Information shown Start Marker

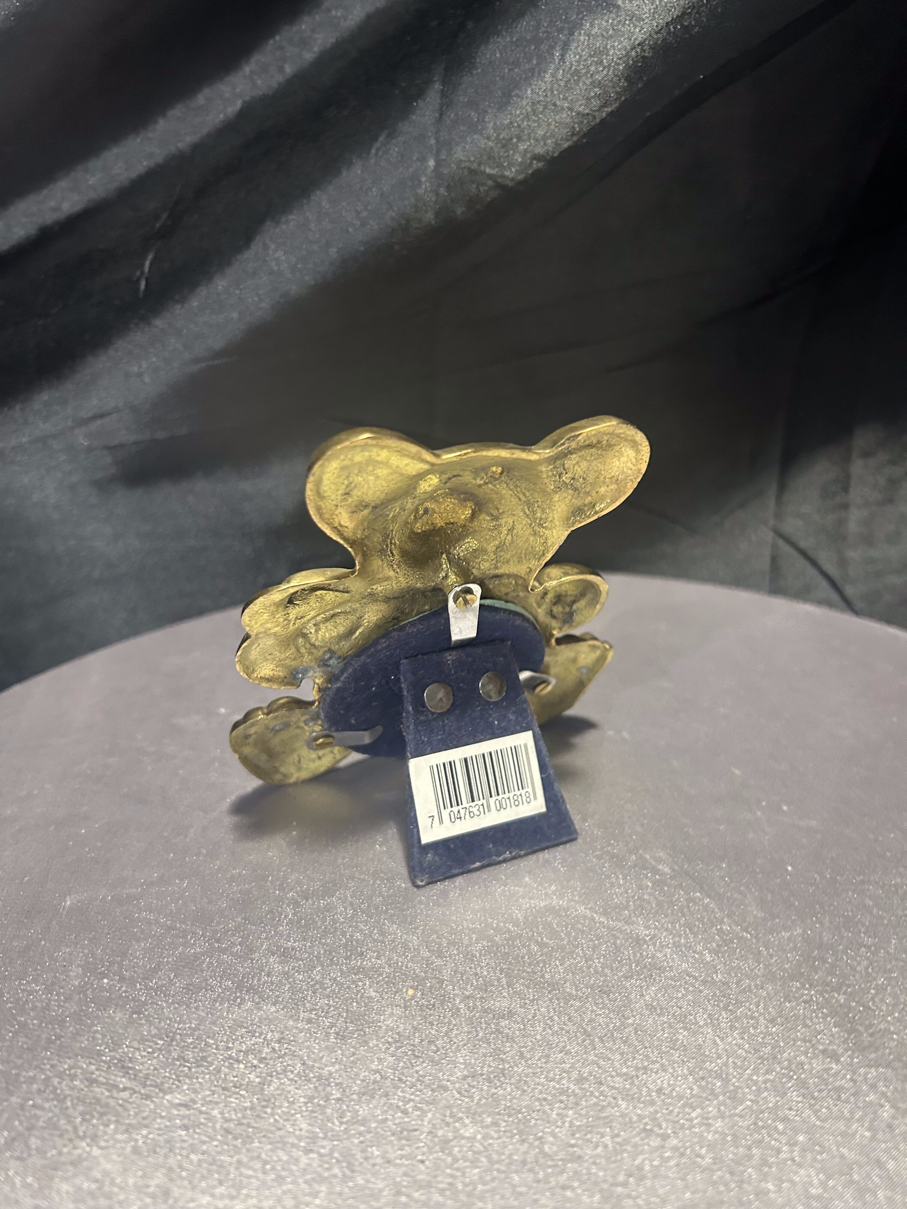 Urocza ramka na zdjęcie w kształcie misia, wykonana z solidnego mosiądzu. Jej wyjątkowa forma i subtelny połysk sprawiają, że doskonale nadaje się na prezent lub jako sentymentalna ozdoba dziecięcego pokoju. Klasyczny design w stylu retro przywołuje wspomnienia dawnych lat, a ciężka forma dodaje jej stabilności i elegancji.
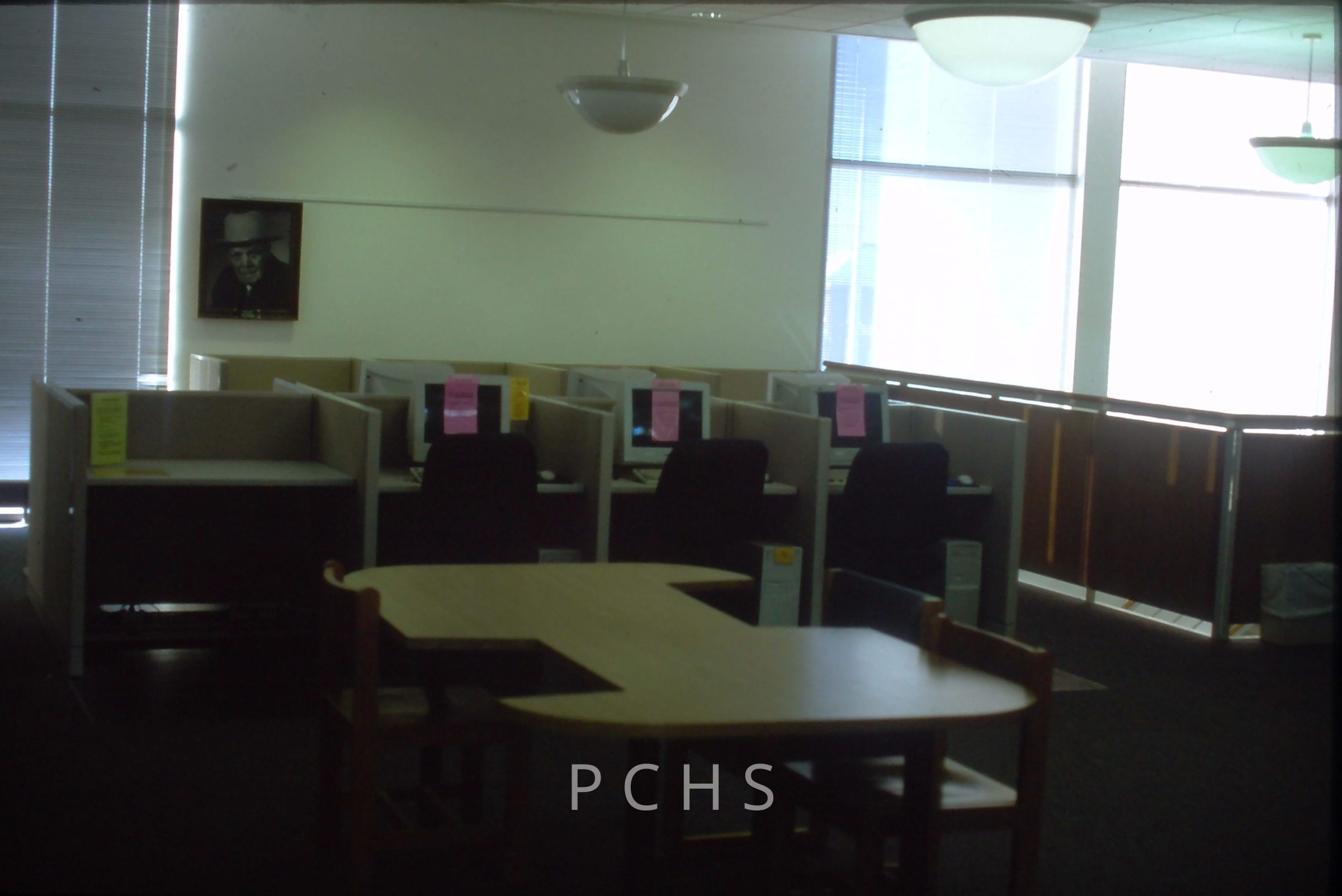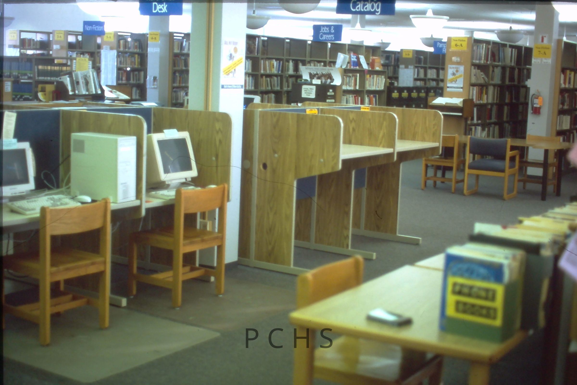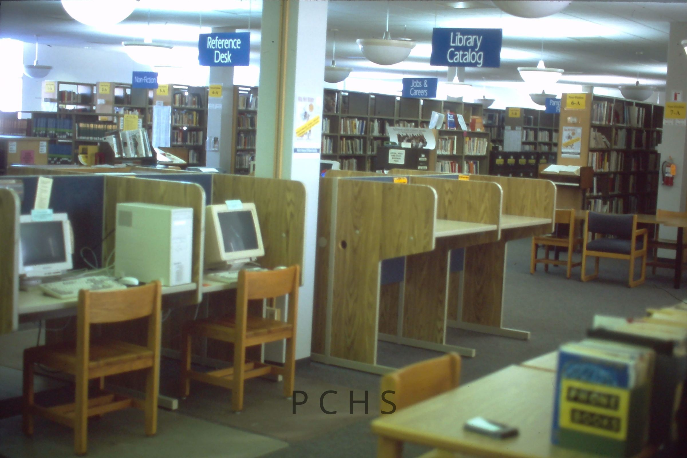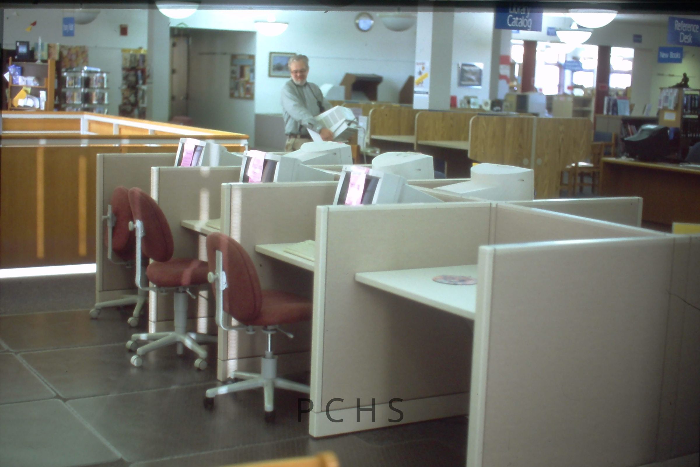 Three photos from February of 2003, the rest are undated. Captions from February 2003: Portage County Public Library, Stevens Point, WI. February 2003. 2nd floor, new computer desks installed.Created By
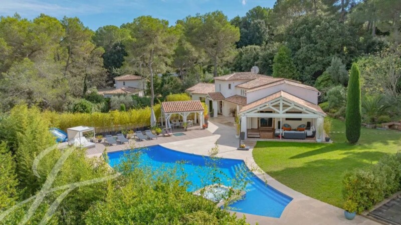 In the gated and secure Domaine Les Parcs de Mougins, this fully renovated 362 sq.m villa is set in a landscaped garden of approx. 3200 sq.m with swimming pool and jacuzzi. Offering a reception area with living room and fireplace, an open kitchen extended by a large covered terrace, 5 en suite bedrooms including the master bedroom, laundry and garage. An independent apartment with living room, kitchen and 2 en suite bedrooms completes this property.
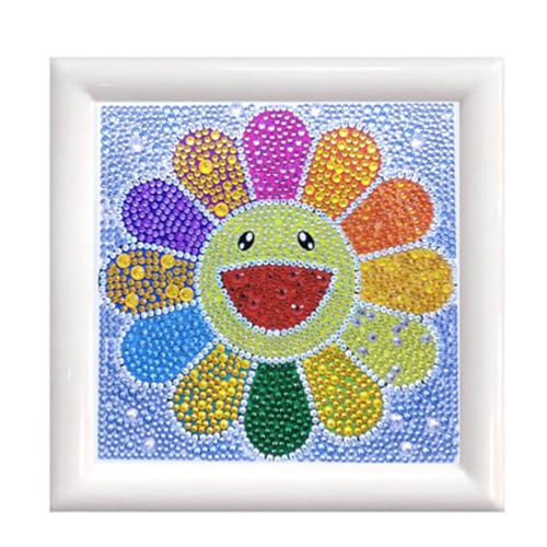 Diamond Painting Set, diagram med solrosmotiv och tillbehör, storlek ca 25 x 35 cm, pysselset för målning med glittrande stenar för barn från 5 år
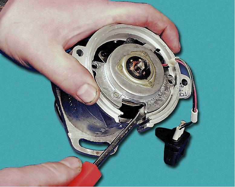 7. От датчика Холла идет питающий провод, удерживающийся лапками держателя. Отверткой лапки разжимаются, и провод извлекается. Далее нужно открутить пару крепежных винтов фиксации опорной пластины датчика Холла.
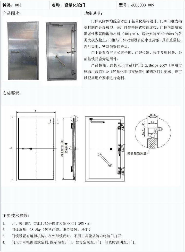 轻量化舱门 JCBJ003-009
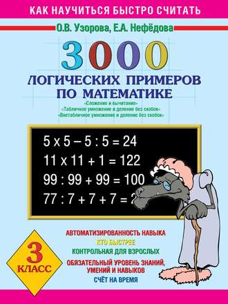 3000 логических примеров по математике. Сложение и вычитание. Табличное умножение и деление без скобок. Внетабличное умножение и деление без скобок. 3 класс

Information shown End Marker

§ Work item: If any image appears in the entries, omit it and return the rest verbatim.

§ Output for this exercise:
 Urocza ramka na zdjęcie w kształcie misia, wykonana z solidnego mosiądzu. Jej wyjątkowa forma i subtelny połysk sprawiają, że doskonale nadaje się na prezent lub jako sentymentalna ozdoba dziecięcego pokoju. Klasyczny design w stylu retro przywołuje wspomnienia dawnych lat, a ciężka forma dodaje jej stabilności i elegancji.
 Three photos from February of 2003, the rest are undated. Captions from February 2003: Portage County Public Library, Stevens Point, WI. February 2003. 2nd floor, new computer desks installed.Created By
 In the gated and secure Domaine Les Parcs de Mougins, this fully renovated 362 sq.m villa is set in a landscaped garden of approx. 3200 sq.m with swimming pool and jacuzzi. Offering a reception area with living room and fireplace, an open kitchen extended by a large covered terrace, 5 en suite bedrooms including the master bedroom, laundry and garage. An independent apartment with living room, kitchen and 2 en suite bedrooms completes this property.
 Diamond Painting Set, diagram med solrosmotiv och tillbehör, storlek ca 25 x 35 cm, pysselset för målning med glittrande stenar för barn från 5 år
 7. От датчика Холла идет питающий провод, удерживающийся лапками держателя. Отверткой лапки разжимаются, и провод извлекается. Далее нужно открутить пару крепежных винтов фиксации опорной пластины датчика Холла.
 轻量化舱门 JCBJ003-009
 3000 логических примеров по математике. Сложение и вычитание. Табличное умножение и деление без скобок. Внетабличное умножение и деление без скобок. 3 класс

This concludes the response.